⟨

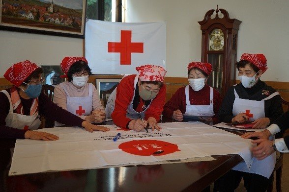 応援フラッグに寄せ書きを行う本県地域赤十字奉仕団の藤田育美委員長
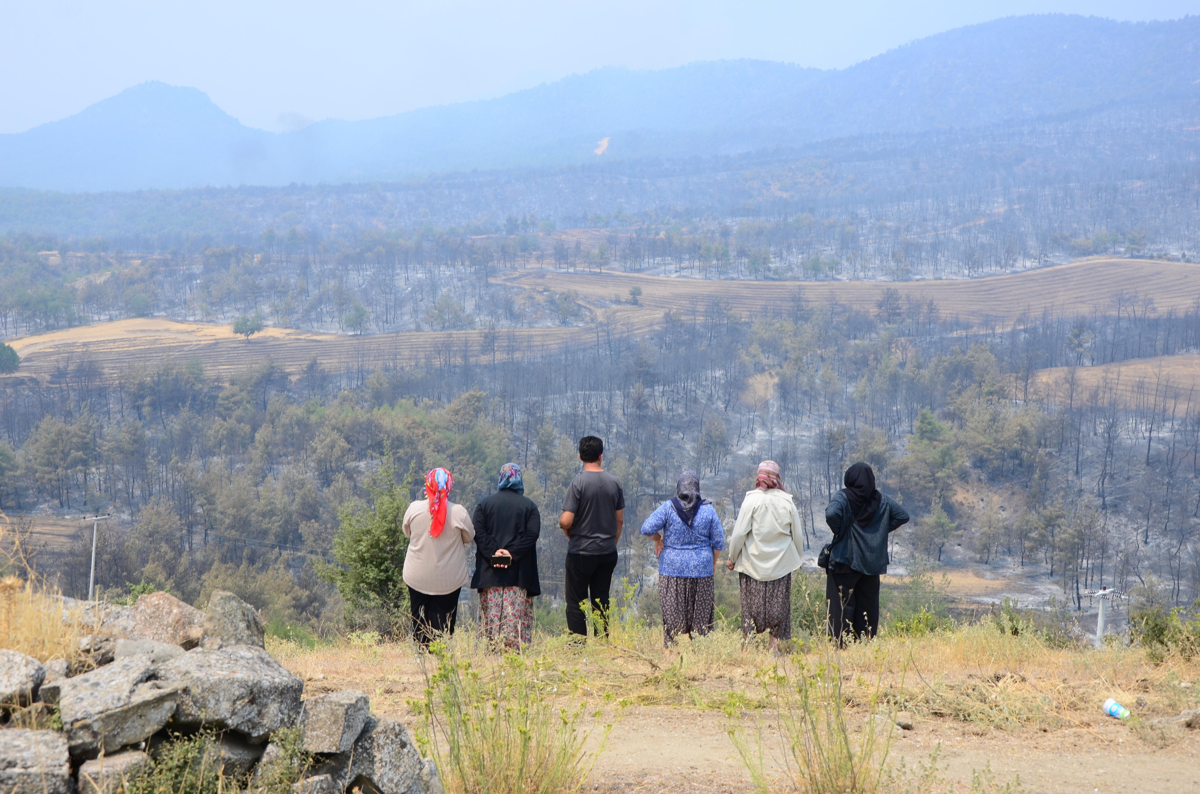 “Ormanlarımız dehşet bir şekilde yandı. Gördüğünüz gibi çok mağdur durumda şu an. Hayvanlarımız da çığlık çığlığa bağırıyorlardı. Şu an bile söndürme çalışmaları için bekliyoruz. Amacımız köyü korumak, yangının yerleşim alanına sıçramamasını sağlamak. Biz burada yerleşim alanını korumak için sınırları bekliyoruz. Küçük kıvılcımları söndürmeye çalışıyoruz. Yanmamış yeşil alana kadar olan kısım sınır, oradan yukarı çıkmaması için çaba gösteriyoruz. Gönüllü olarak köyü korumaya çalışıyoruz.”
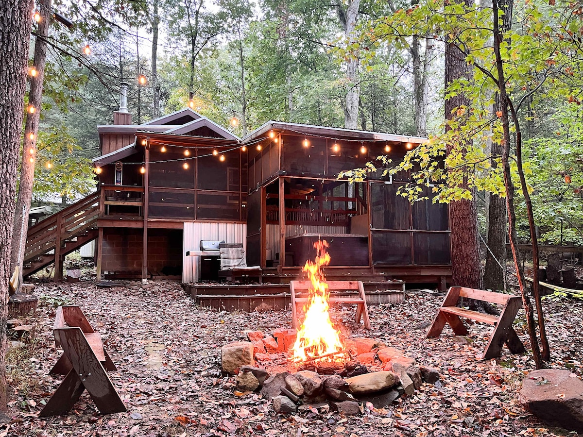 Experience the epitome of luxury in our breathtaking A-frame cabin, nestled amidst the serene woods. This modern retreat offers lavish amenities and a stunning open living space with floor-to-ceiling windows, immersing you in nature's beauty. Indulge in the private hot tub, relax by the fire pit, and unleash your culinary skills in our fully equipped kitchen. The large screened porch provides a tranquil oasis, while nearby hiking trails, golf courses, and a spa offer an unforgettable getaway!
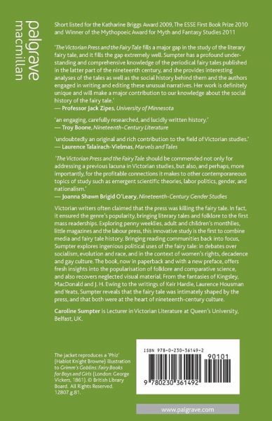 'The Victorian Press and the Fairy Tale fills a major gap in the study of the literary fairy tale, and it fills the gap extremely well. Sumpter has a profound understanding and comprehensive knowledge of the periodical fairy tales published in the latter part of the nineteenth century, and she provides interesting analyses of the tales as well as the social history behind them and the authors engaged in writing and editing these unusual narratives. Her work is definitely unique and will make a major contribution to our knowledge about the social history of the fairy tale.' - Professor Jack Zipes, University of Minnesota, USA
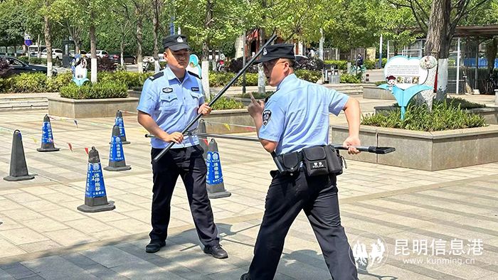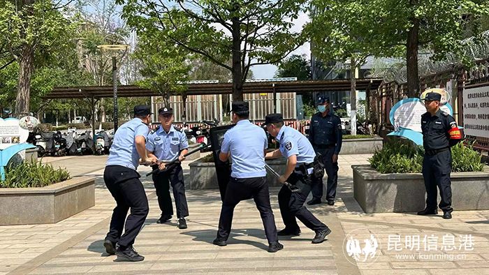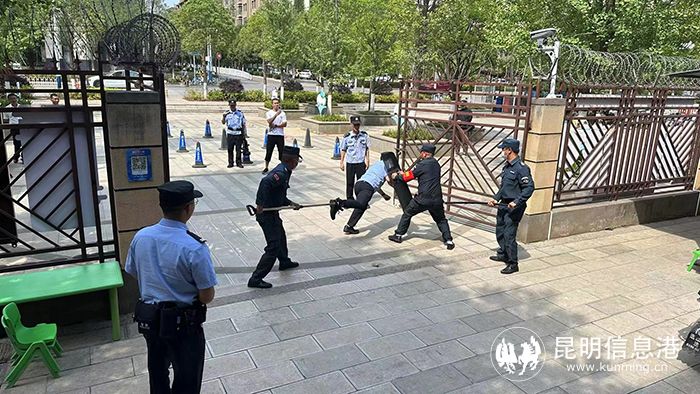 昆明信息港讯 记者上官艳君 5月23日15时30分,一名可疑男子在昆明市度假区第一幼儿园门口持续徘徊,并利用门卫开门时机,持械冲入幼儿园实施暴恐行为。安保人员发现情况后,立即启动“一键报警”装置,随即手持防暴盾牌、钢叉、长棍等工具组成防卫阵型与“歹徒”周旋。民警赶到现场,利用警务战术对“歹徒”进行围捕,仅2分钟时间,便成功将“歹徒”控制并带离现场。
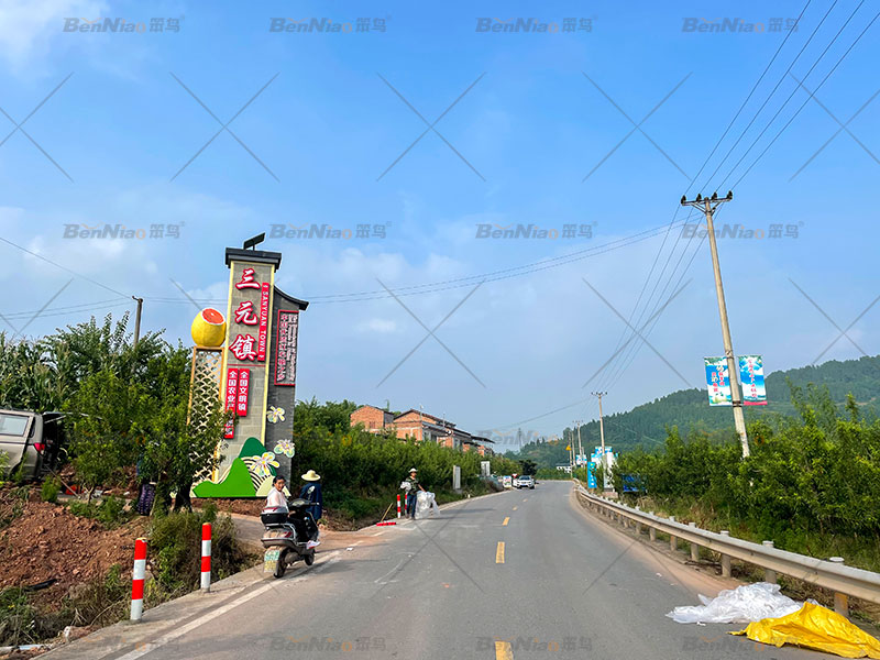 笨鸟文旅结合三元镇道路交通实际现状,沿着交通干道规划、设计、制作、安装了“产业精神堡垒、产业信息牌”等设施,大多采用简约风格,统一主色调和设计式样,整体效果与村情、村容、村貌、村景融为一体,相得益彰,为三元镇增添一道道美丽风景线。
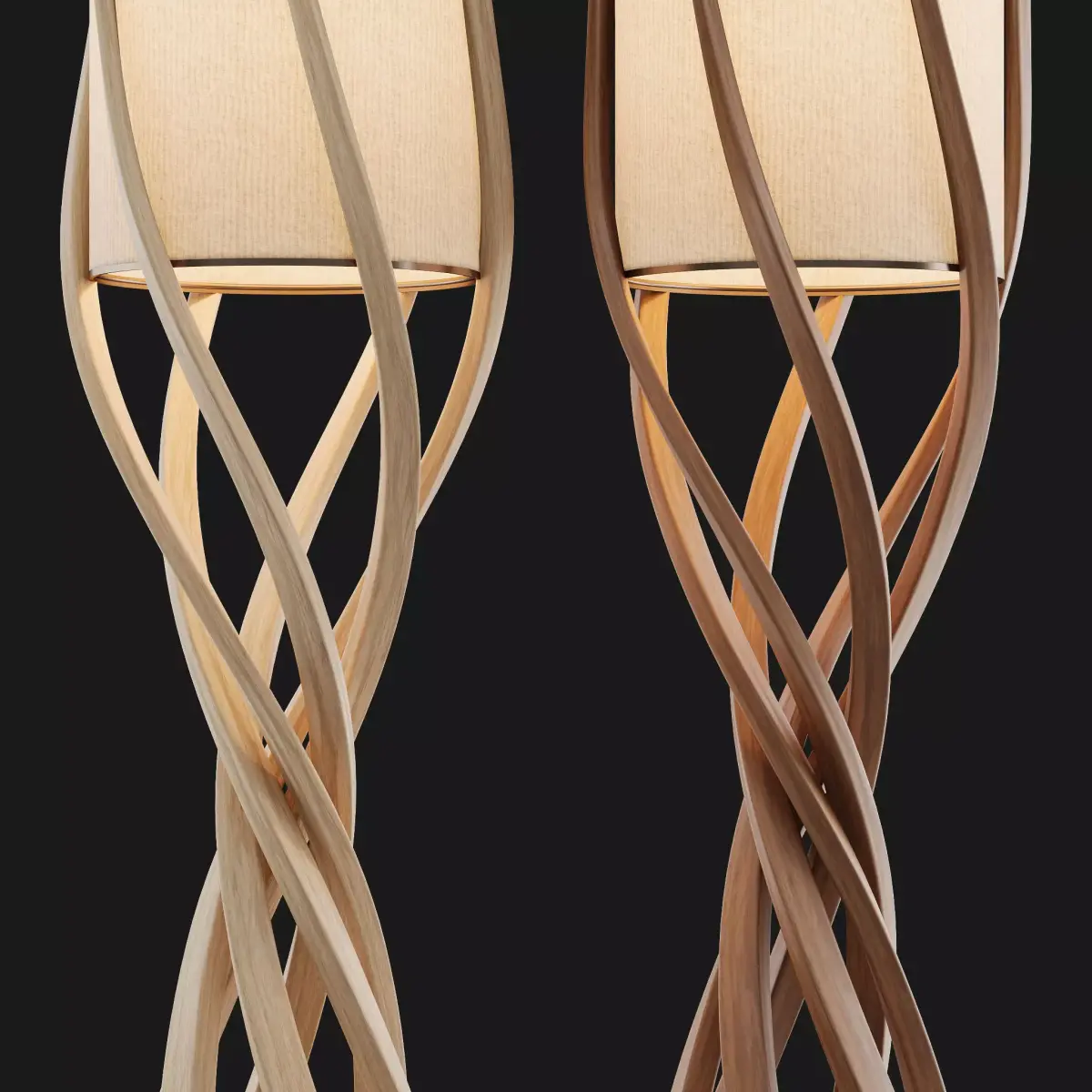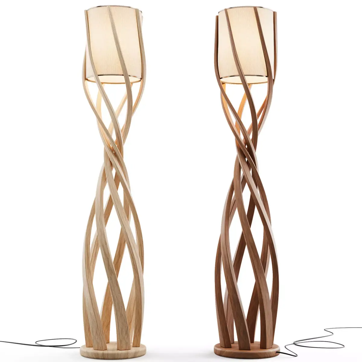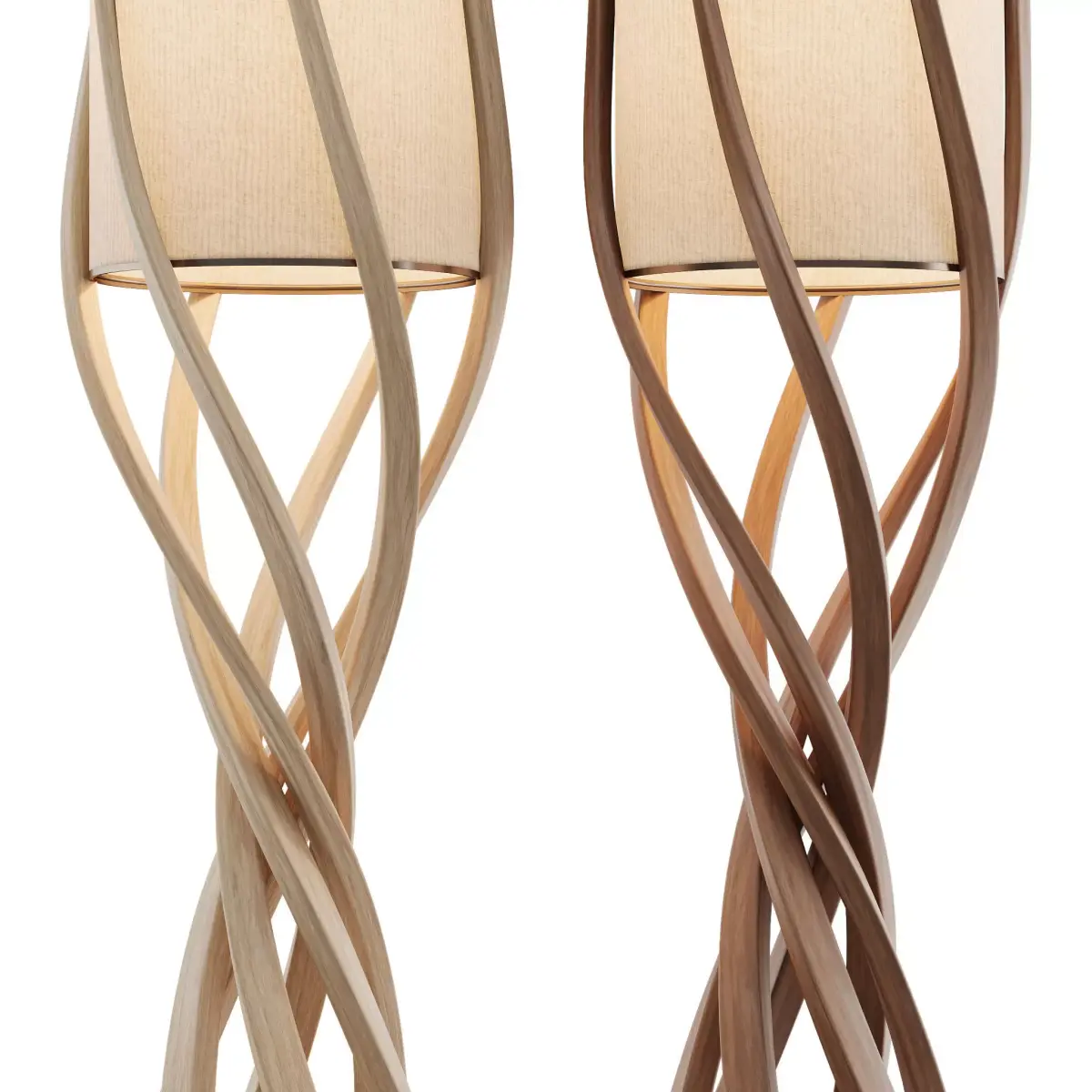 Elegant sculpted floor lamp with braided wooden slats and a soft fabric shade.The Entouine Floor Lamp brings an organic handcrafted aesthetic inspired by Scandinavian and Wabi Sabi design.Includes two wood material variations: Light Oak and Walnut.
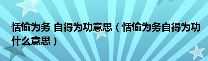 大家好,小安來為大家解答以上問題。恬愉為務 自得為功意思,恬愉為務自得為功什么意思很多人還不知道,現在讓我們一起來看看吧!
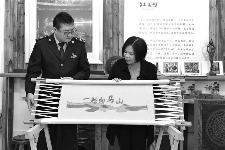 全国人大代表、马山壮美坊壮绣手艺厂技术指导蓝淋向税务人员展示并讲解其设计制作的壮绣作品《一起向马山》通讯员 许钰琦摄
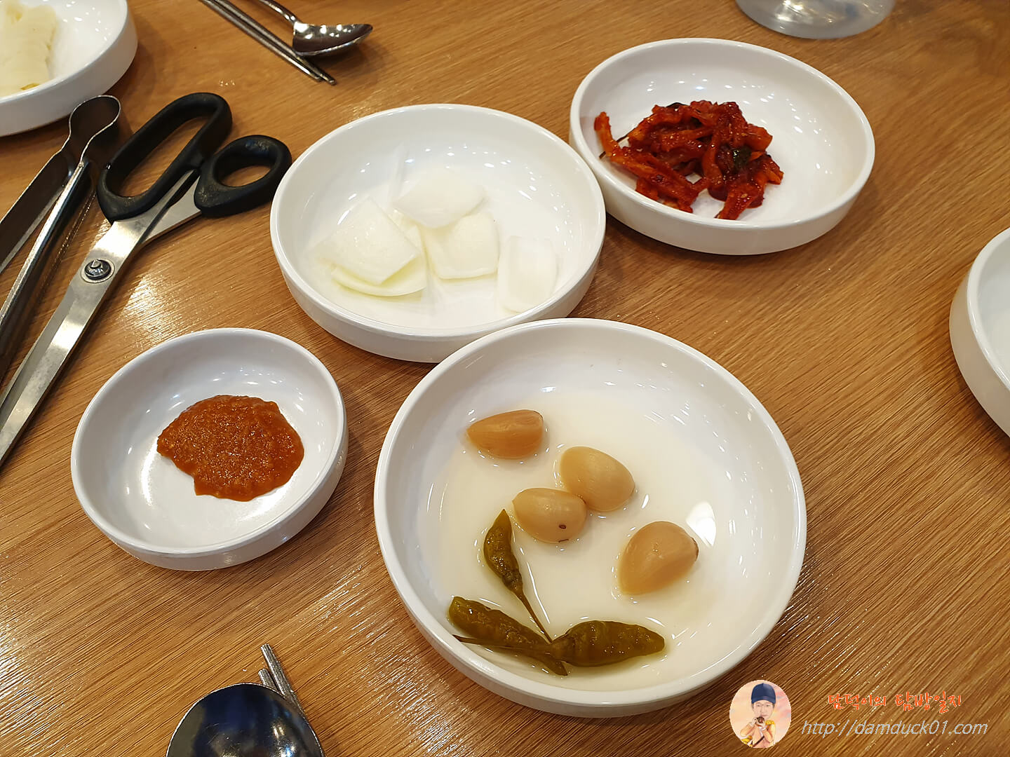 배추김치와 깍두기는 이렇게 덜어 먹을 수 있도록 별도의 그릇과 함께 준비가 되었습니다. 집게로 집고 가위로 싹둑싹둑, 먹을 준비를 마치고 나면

⟩

_Exercise description_:
Every line from the top of the entries through the line that holds "dehşet bir şekilde" is to be quoted exactly, please, and nothing else; omit the pictures.

_Response_:
 応援フラッグに寄せ書きを行う本県地域赤十字奉仕団の藤田育美委員長
 “Ormanlarımız dehşet bir şekilde yandı. Gördüğünüz gibi çok mağdur durumda şu an. Hayvanlarımız da çığlık çığlığa bağırıyorlardı. Şu an bile söndürme çalışmaları için bekliyoruz. Amacımız köyü korumak, yangının yerleşim alanına sıçramamasını sağlamak. Biz burada yerleşim alanını korumak için sınırları bekliyoruz. Küçük kıvılcımları söndürmeye çalışıyoruz. Yanmamış yeşil alana kadar olan kısım sınır, oradan yukarı çıkmaması için çaba gösteriyoruz. Gönüllü olarak köyü korumaya çalışıyoruz.”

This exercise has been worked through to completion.